In [39]:
from sklearn.preprocessing import StandardScaler
from imblearn.over_sampling import SMOTE
import numpy as np
import pandas as pd
import sys
from model import NLTK_Binary_Classifier
from sklearn.model_selection import train_test_split
import os 

In [40]:
df = pd.read_csv('data/raw/small.csv')

In [41]:
""" Declare categorial and numerical features. Filter df down to these features and 
    case_id and target 
"""

# Read in variables from features.csv, which contains the categorical and numerical features
f_df = pd.read_csv('data/features.csv')
cat_f = f_df[f_df['type'] == 'categorical']['name'].tolist()
num_f = f_df[f_df['type'] == 'numerical']['name'].tolist()
target = f_df[f_df['type'] == 'target']['name'].tolist()
print(f'my target is {target}')
display(f"categorical features: {cat_f}")
display(f"numerical features: {num_f}")
col_to_keep = target + cat_f + num_f
df = df[col_to_keep]
print(f"df columns: {df.columns}")
# df.to_csv('test/TEST0.csv', index=False)

# FILL IN MISSING VALUES
# For categorical variables, take the most recent value
for col in cat_f:
    try: 
        common_val = df[col].value_counts().idxmax()
    except ValueError: 
        common_val = 0
    df[col] = df[col].fillna(common_val)

# FILL IN MISSING VALUES
# round to 2 decimal places. Replace missing numerical values with the mean
df.loc[:, num_f] = df[num_f].round(2)
df.loc[:, num_f] = df[num_f].fillna(df[num_f].mean())
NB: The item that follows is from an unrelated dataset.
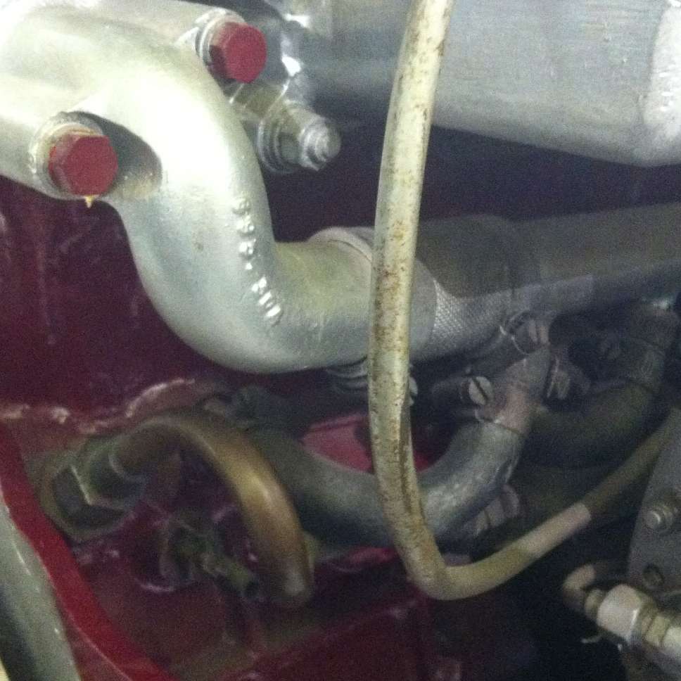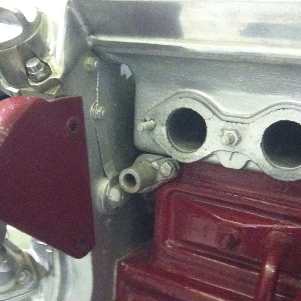 Above left is a water pipe on a prototype Twin Cam engine. Above right is the water pipe on the EX186 engine. Notice on both there are two outlet pipes from the head, front and center ports, which merge into a single pipe going to the water reservoir at the bulkhead. These are apparently the only water outlets from the head in these engines (with no water passages through the head gasket).

# For missing target values, drop the row
df = df.dropna(subset=target)
# change the dtype of target to 8-bit integer
df[target] = df[target].astype(np.int8)

# one-hot encode the categorical variables
df = pd.get_dummies(df, columns=cat_f, dtype=np.int8)

# standardize the continuous variables
scaler = StandardScaler()
df[num_f] = scaler.fit_transform(df[num_f]) 

# Save the processed dataframe 
df.to_csv('data/processed/processed.csv', index=False)

my target is ['ARR_DEL15']


"categorical features: ['MONTH', 'OP_CARRIER_AIRLINE_ID', 'ORIGIN_AIRPORT_ID', 'DEST_AIRPORT_ID']"

"numerical features: ['DEP_DELAY', 'TAXI_OUT', 'DISTANCE']"

df columns: Index(['ARR_DEL15', 'MONTH', 'OP_CARRIER_AIRLINE_ID', 'ORIGIN_AIRPORT_ID',
       'DEST_AIRPORT_ID', 'DEP_DELAY', 'TAXI_OUT', 'DISTANCE'],
      dtype='object')


In [42]:
""" 
Now that the data is processed, we need to balance the classes 
Randomly downsample the majority class to match the minority class
"""

df = pd.read_csv('data/processed/processed.csv')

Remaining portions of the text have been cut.